Department of Translation, Interpreting and Communication - Faculty of Arts and Philosophy, Ghent University, Ghent, Belgium.
Department of Linguistics - Faculty of Arts, University of Antwerp, Antwerp, Belgium.
PLoS One. 2018 Oct 8;13(10):e0203794. doi: 10.1371/journal.pone.0203794. eCollection 2018.

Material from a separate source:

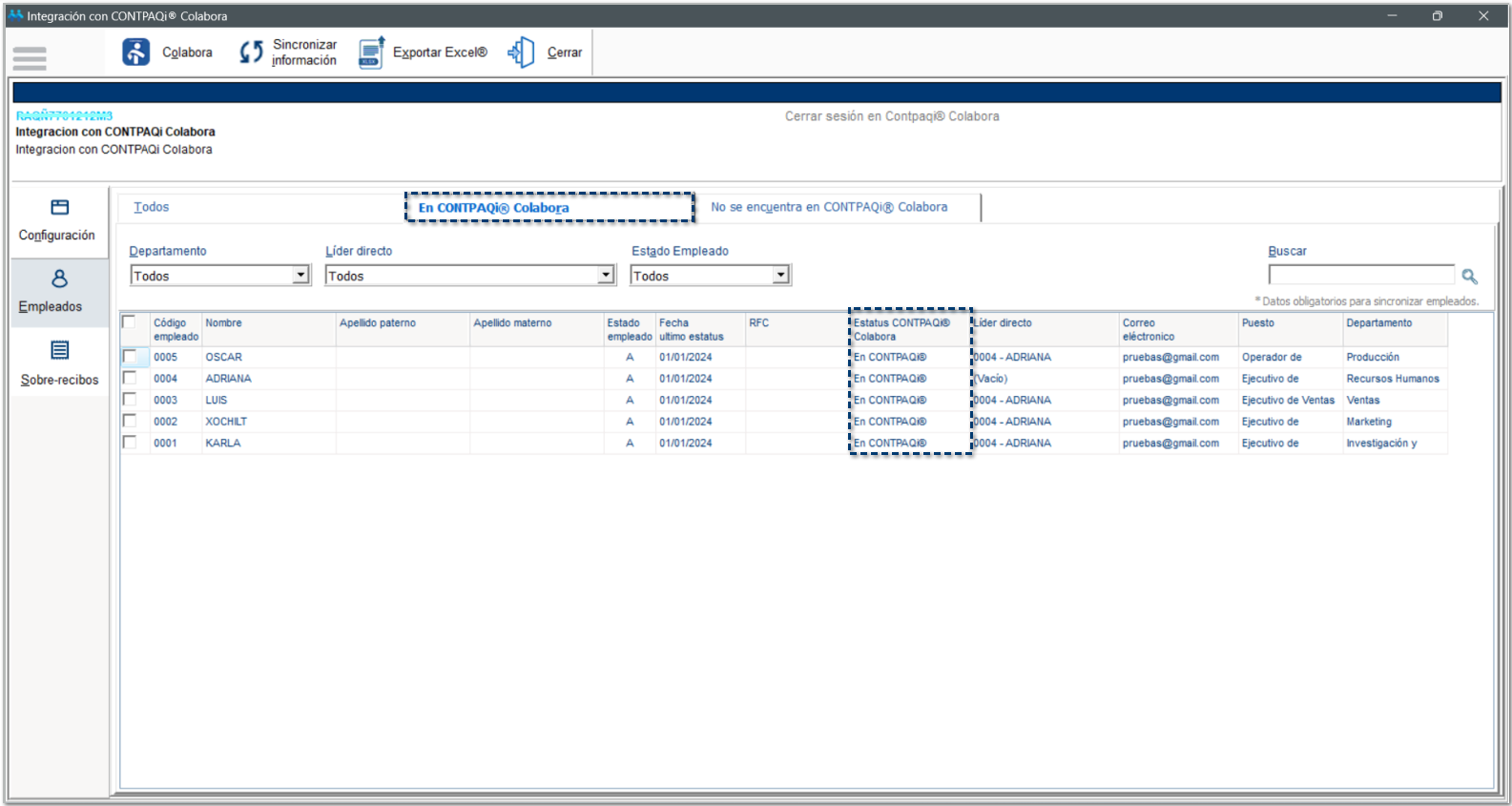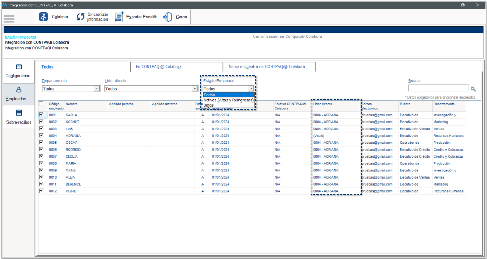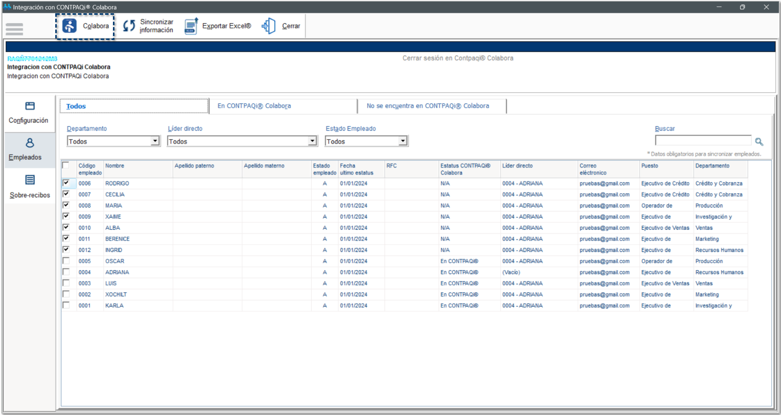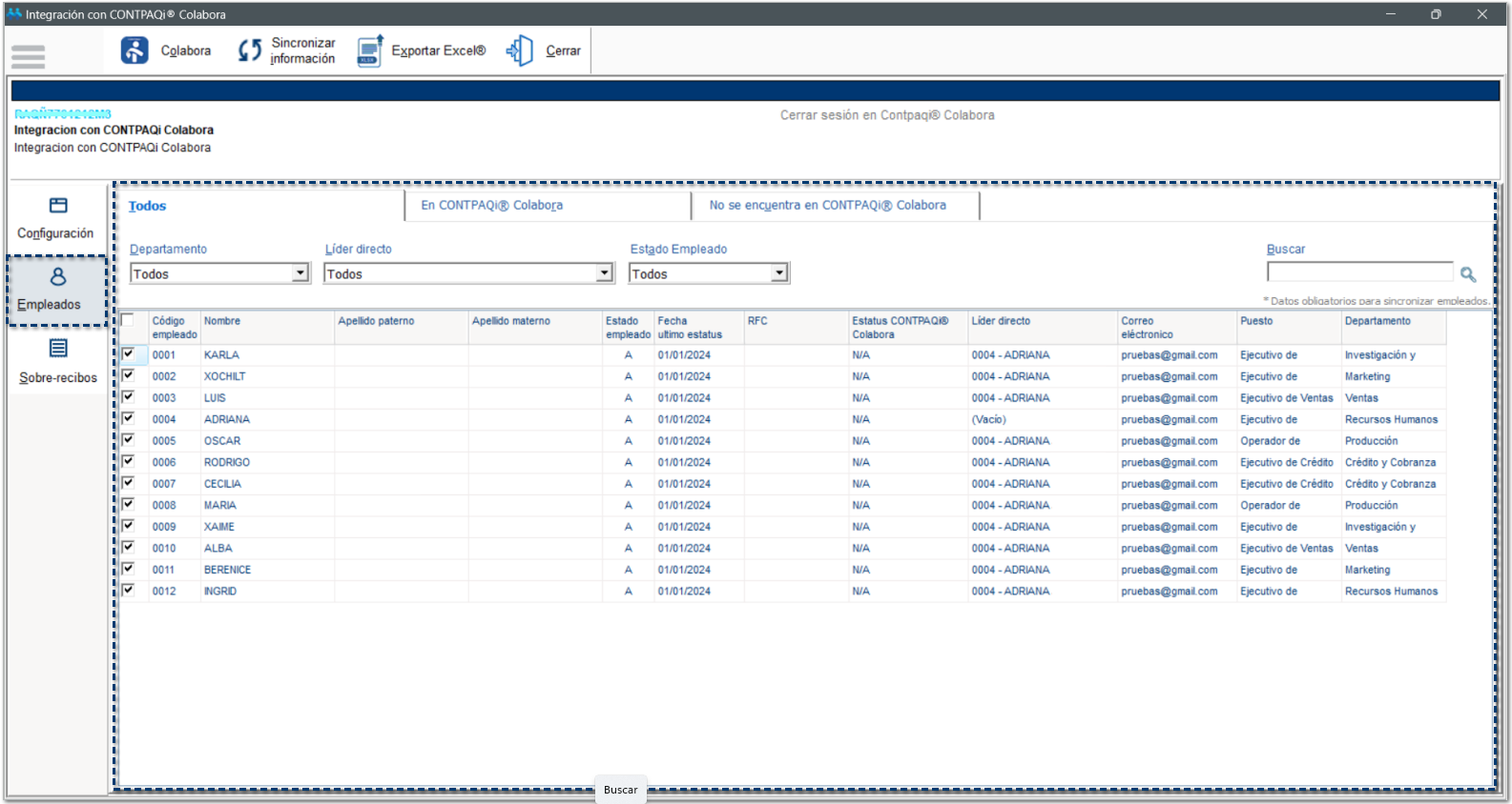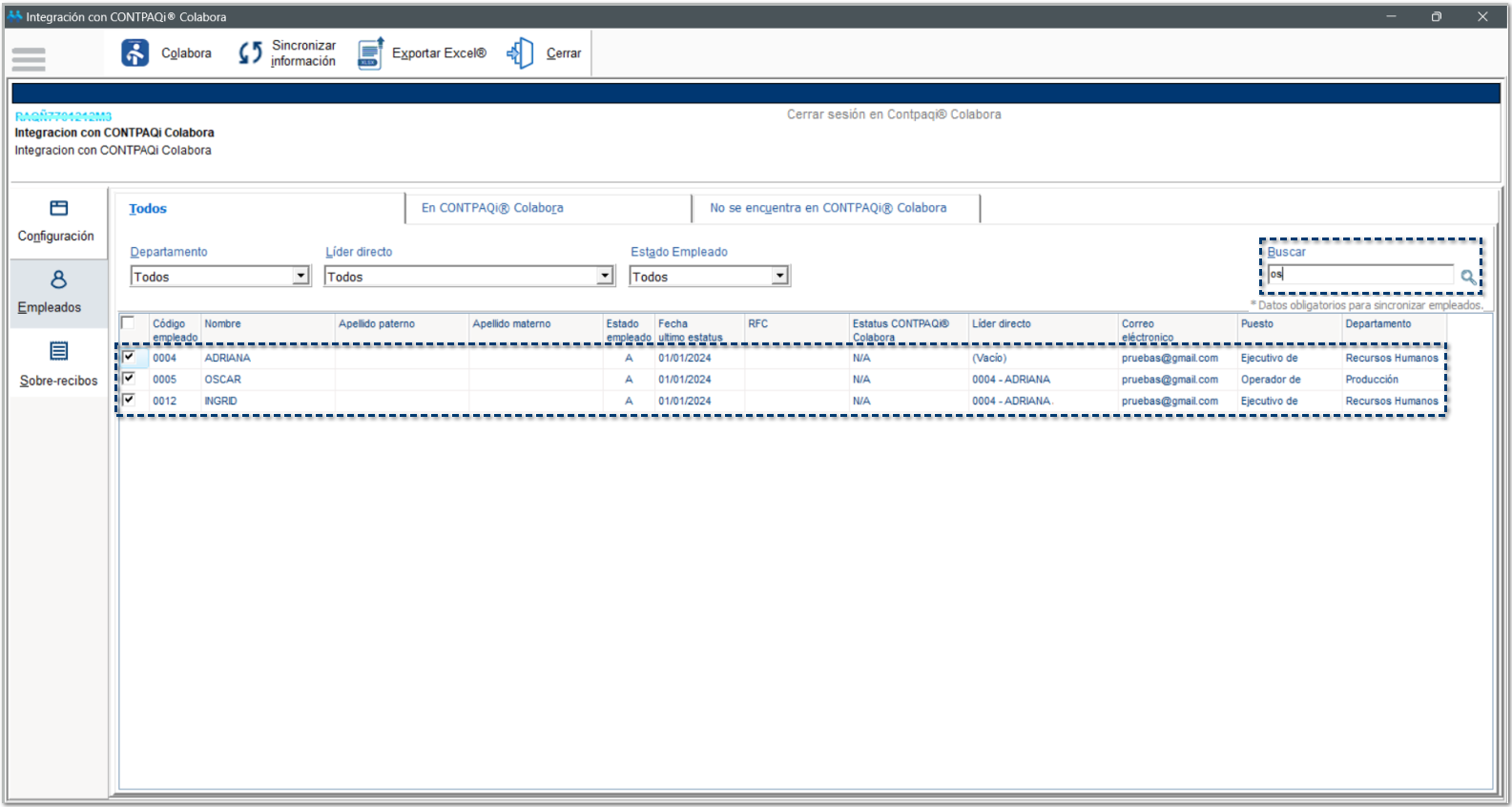 En esta pestaña visualizarás Todos los empleados, es decir, los empleados que ya se encuentran registrados en CONTPAQi® Colabora, así como los empleados que aún no se han sincronizado hacia la empresa de Colabora.

While social media offer great communication opportunities, they also increase the vulnerability of young people to threatening situations online. Recent studies report that cyberbullying constitutes a growing problem among youngsters. Successful prevention depends on the adequate detection of potentially harmful messages and the information overload on the Web requires intelligent systems to identify potential risks automatically. The focus of this paper is on automatic cyberbullying detection in social media text by modelling posts written by bullies, victims, and bystanders of online bullying. We describe the collection and fine-grained annotation of a cyberbullying corpus for English and Dutch and perform a series of binary classification experiments to determine the feasibility of automatic cyberbullying detection. We make use of linear support vector machines exploiting a rich feature set and investigate which information sources contribute the most for the task. Experiments on a hold-out test set reveal promising results for the detection of cyberbullying-related posts. After optimisation of the hyperparameters, the classifier yields an F1 score of 64% and 61% for English and Dutch respectively, and considerably outperforms baseline systems.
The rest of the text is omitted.